Bug 56384 - XML viewer is not shown when frame has non-null opener
Summary: XML viewer is not shown when frame has non-null opener
Status: RESOLVED FIXED
Alias: None
Product: WebKit
Classification: Unclassified
Component: Layout and Rendering (show other bugs)
Version: 528+ (Nightly build)
Hardware: PC OS X 10.5
: P2 Normal
Assignee: Nobody
URL:
Keywords:
Depends on:
Blocks:
 
Reported: 2011-03-15 09:48 PDT by Vsevolod Vlasov
Modified: 2011-03-31 13:44 PDT (History)
8 users (show)

See Also:


Attachments
Patch (7.86 KB, patch)
2011-03-29 08:23 PDT, Vsevolod Vlasov
pfeldman: review-
Details | Formatted Diff | Diff
Patch with fixes (7.30 KB, patch)
2011-03-29 08:43 PDT, Vsevolod Vlasov
no flags Details | Formatted Diff | Diff
New patch (7.30 KB, patch)
2011-03-31 08:54 PDT, Vsevolod Vlasov
pfeldman: review+
commit-queue: commit-queue-
Details | Formatted Diff | Diff
Patch with fixed changelog (6.12 KB, patch)
2011-03-31 09:05 PDT, Vsevolod Vlasov
no flags Details | Formatted Diff | Diff

Note You need to log in before you can comment on or make changes to this bug.
Description Vsevolod Vlasov 2011-03-15 09:48:16 PDT
Rendering of XML without style (https://bugs.webkit.org/show_bug.cgi?id=13807) is done only when frame opener is not set.
This is done to ensure that it is not possible to modify xml document after.

Adam Barth suggested that this check is not needed since it is not done in firefox anyway and this case should be extremely rare.
Quote:
> pfeldman and I discussed this in IRC.  Firefox survives without looking at the opener, 
> so hopefully we'll be able to as well.  The problem is > that the opener property isn't 
> dispositive w.r.t. whether someone else is going to interact with this document.  
> Any pages that have the behavior pfeldman is worried about are already broken in 
> Firefox, so it sounds like we should be ok breaking them as well (he's opening another bug on that topic).
Comment 1 Alexey Proskuryakov 2011-03-15 10:02:46 PDT
I'm not strongly opposed to this, but I question the benefits of making this change. What use case does displaying an XML tree in programmatically opened documents serve?

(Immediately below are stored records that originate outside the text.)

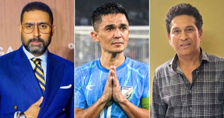 It’s a sad day for football fans in India and around the world as legendary player and captain Sunil Chhetri has finally played his last match. The player announced his retirement after a monumental run as the captain of the Indian Football team. Touted as India’s answer to greats like Messi, Ronaldo, Beckham, and more, Chhetri’s retirement is emotional for many, including celebrities. Abhishek Bachchan, Sachi Tendulkar, and Ranveer Singh are just a few of the names that paid tribute to Sunil Chhetri.
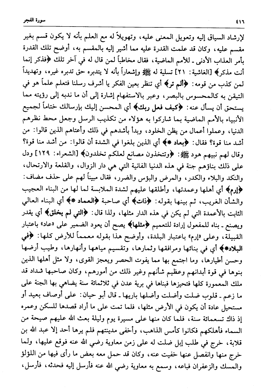 [ الغاشية : 21 ] تسلية له ( صلى الله عليه وسلم ) وإشعاراً بأنه لا يتدبره حق تدبره غيره ، وتهديداً لمن كذب من قومه : ( ألم تر ) أي تنظر بعين الفكر يا أشرف رسلنا فتعلم علماً هو في التيقن به كالمحسوس بالبصر ، وعبر بالاستفهام إشارة إلى أن ما ندبه إلى رؤيته مما يستحقأن يسأل عنه : ( كيف فعل ربك ) أي المحسن إليك بإرسالك ختاماً لجميع الأنبياء بالأمم الماضية بما شاركوا به هؤلاء من تكذيب الرسل وجعل محط نظرهم الدنيا ، وعملوا أعمال من يظن الخلود ، وبدأ بأشدهم في ذلك وأعتاهم الذين قالوا : من أشد منا قوة ؟ فقال : ( بعاد ) أي الذين بلغوا في الشدة أن قالوا : من أشد منا قوة ؟ وقال لهم نبيهم هود ( صلى الله عليه وسلم ) :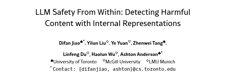 然而,这种对终端层的依赖忽视了编码在整个模型各层中的丰富安全相关特征。近期工作揭示,LLM 的内部表示编码了丰富的专门化特征,利用这些内部表示能在分类任务中带来显著的性能提升(Gurnee et al., 2023; Jiao et al., 2024; Lai et al., 2025)。此外,多项研究表明,LLM 的内部表示编码了用于内容安全的细粒度概念(Zhao et al., 2024, 2025b; Kadali and Papalexakis, 2025)。但这些发现尚未被系统地转化为实用的安全防护模型。这一差距提出了一个问题:我们能否利用 LLM 的内部表示来构建更好的内容有害性检测器?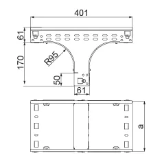 Розгалуження кабельної траси. Матеріал S - оцинкована за методом Сендзіміра сталь PN-EN 10346:2015-09 Доступні варіанти обробки: L - фарбування в стандартний колір RAL Додаткова інформація – безгвинтове кріплення ПриміткаПри монтажі потрібні додаткові з'єднувачі.
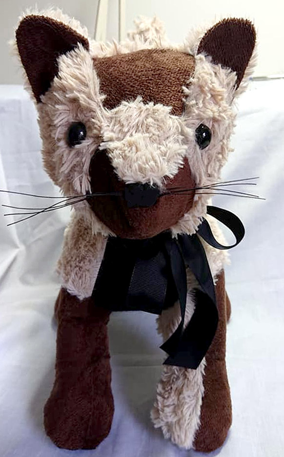 Nylon thread is a realistic but scratchier option for whiskers than those listed above, so it’s best not to use it for children with sensory aversions to anything “spikey.” James Kemp sewed this precious pet keepsake from a beloved pet’s bedding when it passed. The whiskers were made with a thick black nylon thread.
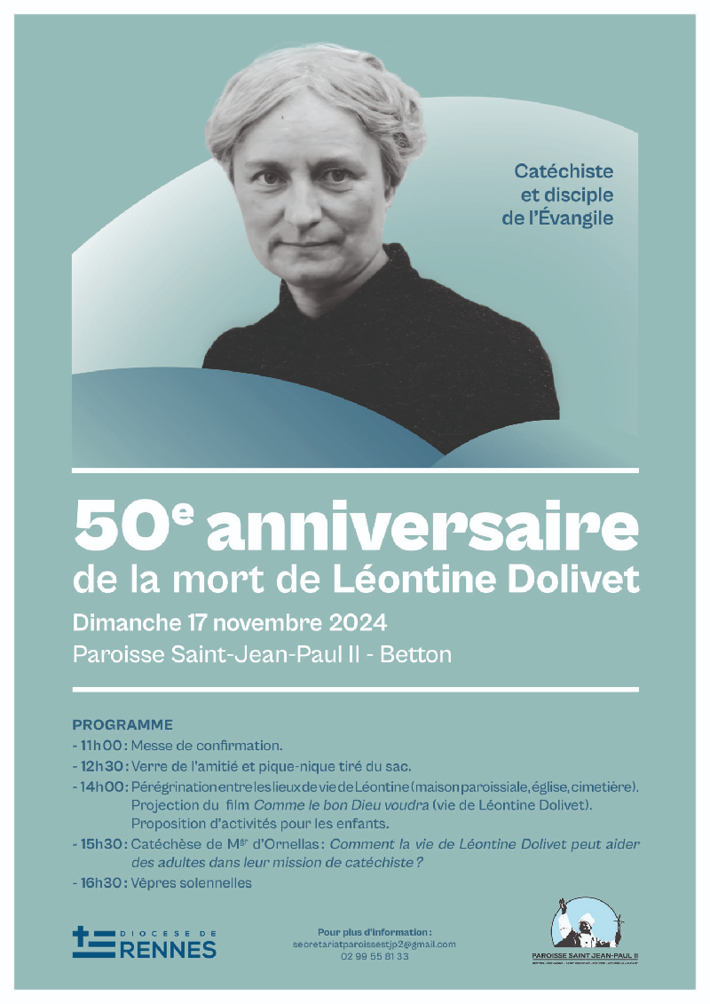 - 15 h 30 : Catéchèse de Mgr d’Ornellas : « Comment la vie de Léontine Dolivet peut aider des adultes dans leur mission de catéchiste ? » ;

You are arguing that downsides are very small, but some benefit is needed to outweigh it.
Comment 2 Vsevolod Vlasov 2011-03-15 10:09:19 PDT
Opener is set suprisingly often:
 - every time you do window.open() from javascript (even with '_self' as a target,
 - when you click on a link with target other than '_self' (E.g. <a href="..." target="_blank">...</a>
Comment 3 Alexey Proskuryakov 2011-03-15 10:22:25 PDT
Yes, I understand. Is there any use case suggesting that displaying a tree in those cases is a good thing?
Comment 4 Vsevolod Vlasov 2011-03-15 10:26:44 PDT
For example it happens when you open a link in some search engines.
Comment 5 Alexey Proskuryakov 2011-03-15 10:43:32 PDT
This is a counter-example, in my opinion. Clicking on a search result should never display developer-only information such as the XML tree.
Comment 6 Adam Barth 2011-03-15 10:52:32 PDT
This came up yesterday when a (non-technical) friend of mine clicked a link on a blog to an RSS feed.  Because they were using a WebKit-based browser without an integrated RSS reader, they got a screen full of garbage text and were sad.  They would have been happier with a pretty tree view and a short description at the top explaining that the web site did not provide any presentational information with this data, which is what the new XML tree view does.
Comment 7 Alexey Proskuryakov 2011-03-15 11:28:06 PDT
A WebKit-based browser without an integrated RSS reader should probably provide a better experience in a case like that. It's out of scope for WebKit.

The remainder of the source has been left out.